Legal Law

Is at-will employment a myth?

California law provides for at-will employment unless there is an employment agreement to the contrary. As a result, an employer may believe that it is free to fire an employee at any time and for any or no reason.

The reality is much more complicated. Over time, various limitations and exceptions to at-will employment have accumulated. An employer who decides to fire a worker should not have a false sense of security that the at-will doctrine will protect him against a wrongful termination lawsuit.

Implied agreement

Employment at will can be denied by an implied agreement not to fire an employee without good cause.
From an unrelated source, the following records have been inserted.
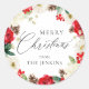 Watercolor Merry Christmas Round Sticker designed with colourful greenery and red flowers. Most lettering is editable - click the "Customise Further" button to edit. Matching items in our store Cava party design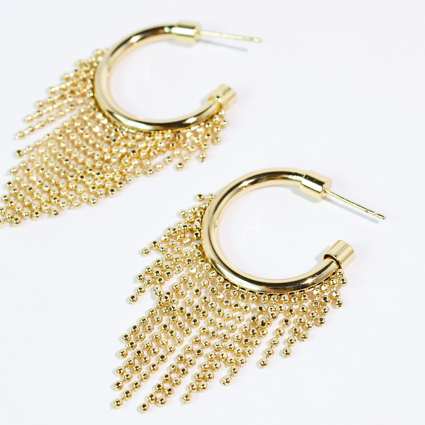 - little bold, a lot of sparkle. Feature classic gold hoops finished with delicate dangling bead fringe for the perfect mix of movement and shine.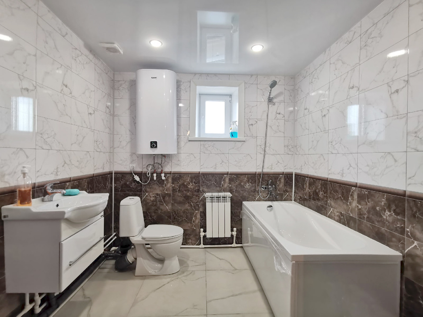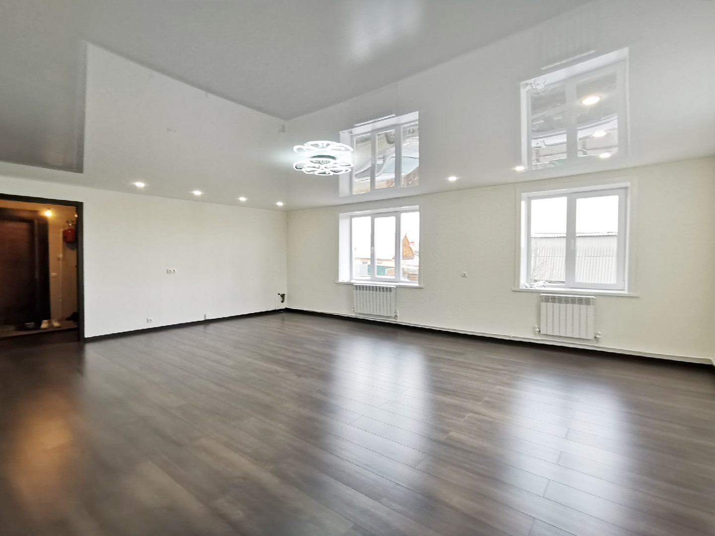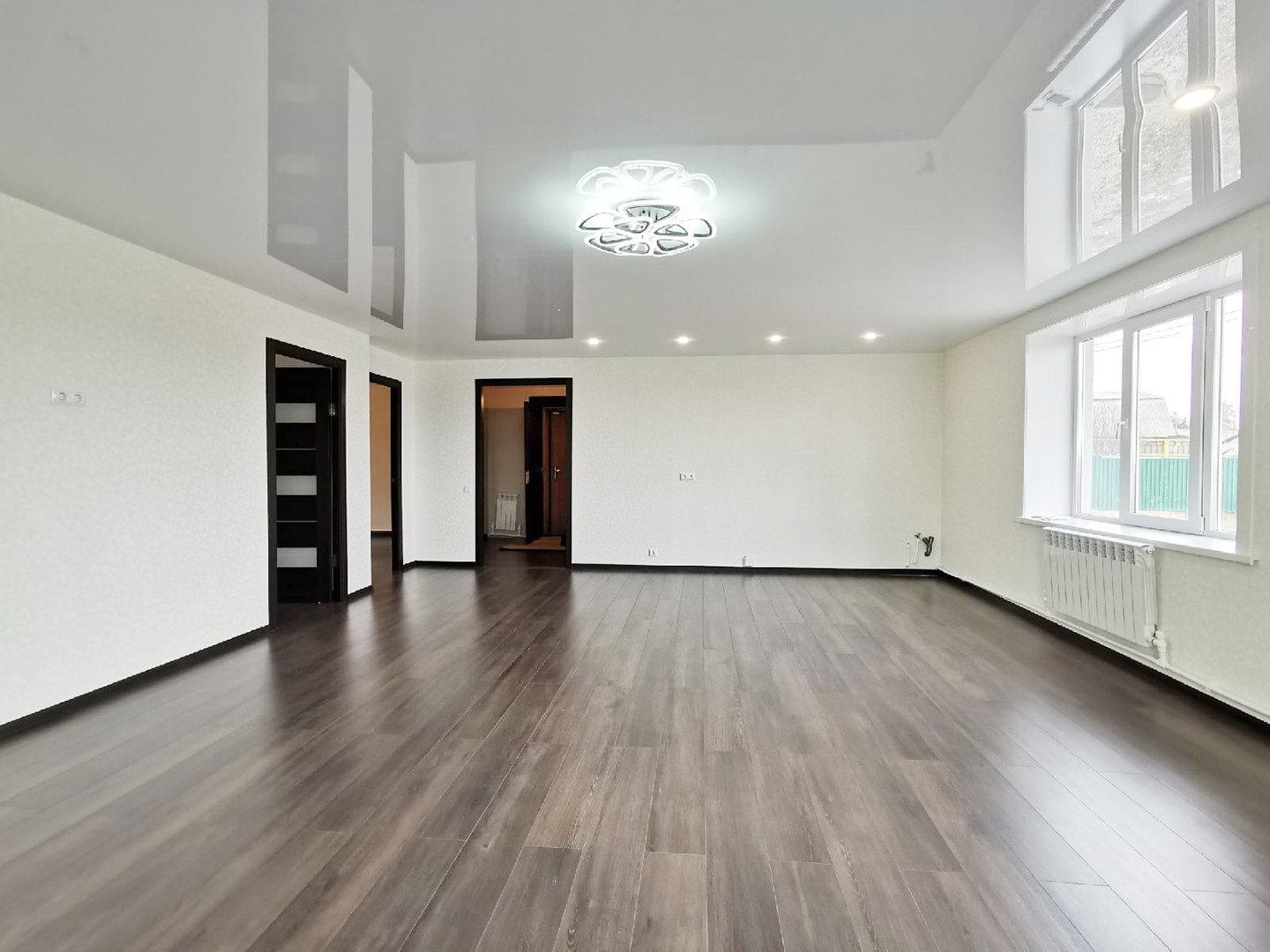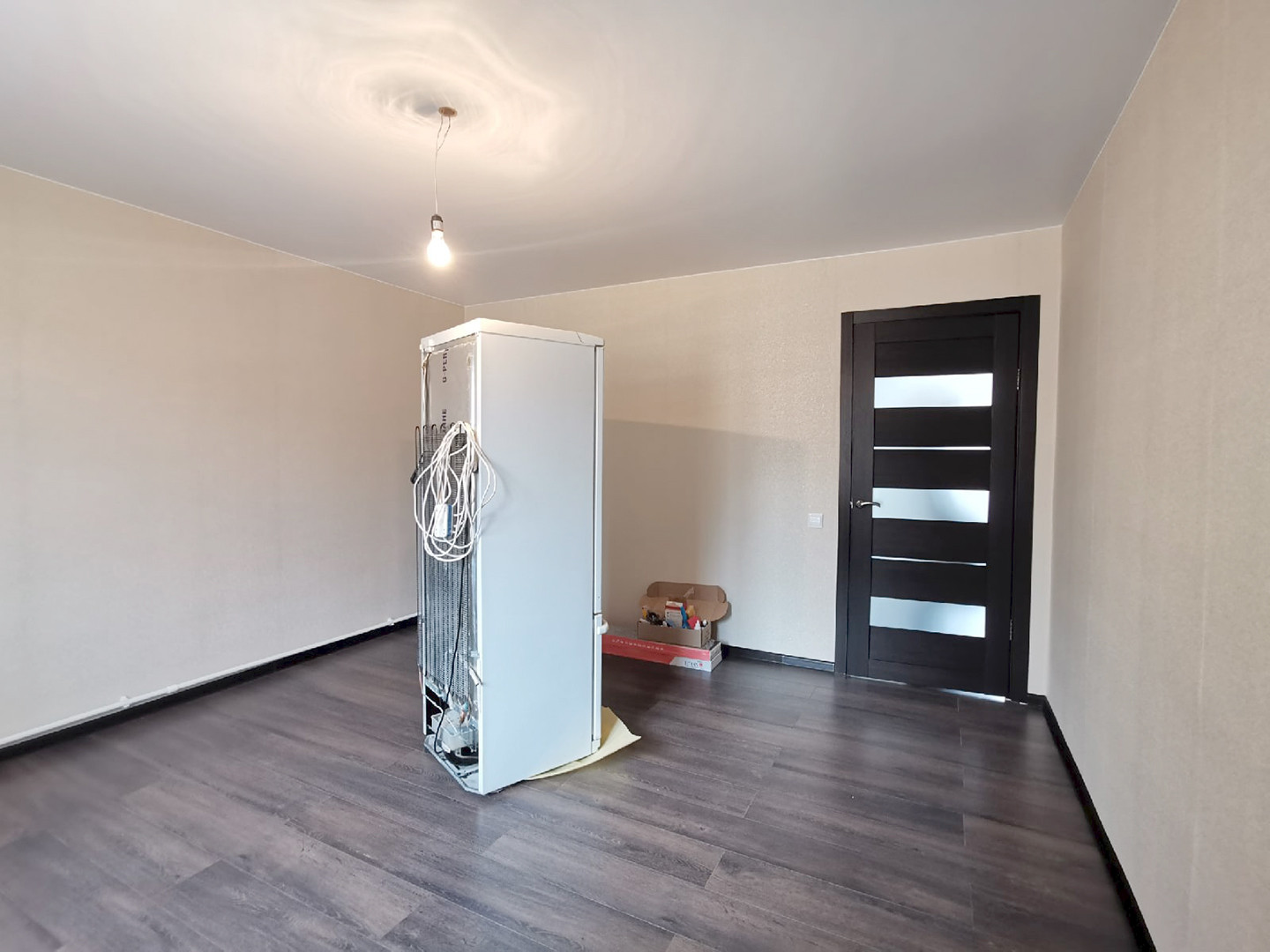 Сантехника установлена, дорогой ламинат 8мм, хорошие обои, натяжной потолок, двери из шпона!

Written or verbal statements from the employer regarding continued employment, other statements from the employer that create an expectation of job security, or the establishment of a progressive disciplinary policy may create such an implied agreement.

Discrimination

An employer cannot fire an employee because of race, gender, age, religion, ethnicity, national origin, disability, or sexual orientation. Because the protected features are so numerous, one or more of them will likely apply to most employees. Therefore, an employee will often be in a position to at least claim that a dismissal is based on unlawful discrimination.

Public politics

An employer may not fire an employee in violation of a fundamental and substantial public policy. These cases generally involve layoffs based on an employee:

  • Refusing to break the law at the request of the employer;

  • Compliance with a legal obligation;

  • Exercising a constitutional or statutory right or privilege (for example, seeking a reasonable accommodation for a disability; taking medical, pregnancy, or legal family leave; filing a workers’ compensation claim); gold

  • Complain or report a legal violation (for example, employment discrimination, sexual or racial harassment, wage or overtime violations, workplace safety violations).

Burden of proof

The at-will doctrine is further undermined by the way the burden of proof is assigned in wrongful termination lawsuits. The employee has the initial burden of establishing that (1) he or she is in a class protected by the principles of “discrimination” or “public policy” discussed above, and (2) there is some causal connection between his or her protected status and the termination. of employment (for example, termination occurred shortly after the employee filed a workers’ compensation claim or complained of labor law violations). If the employee meets that burden, then the burden is shifted to the employer to present a legitimate, nondiscriminatory reason for termination.

In light of these limitations, “employment at will” can often be more myth than reality. Therefore, an employer must follow carefully designed work practices to lessen the risk of being successfully sued by a laid off employee.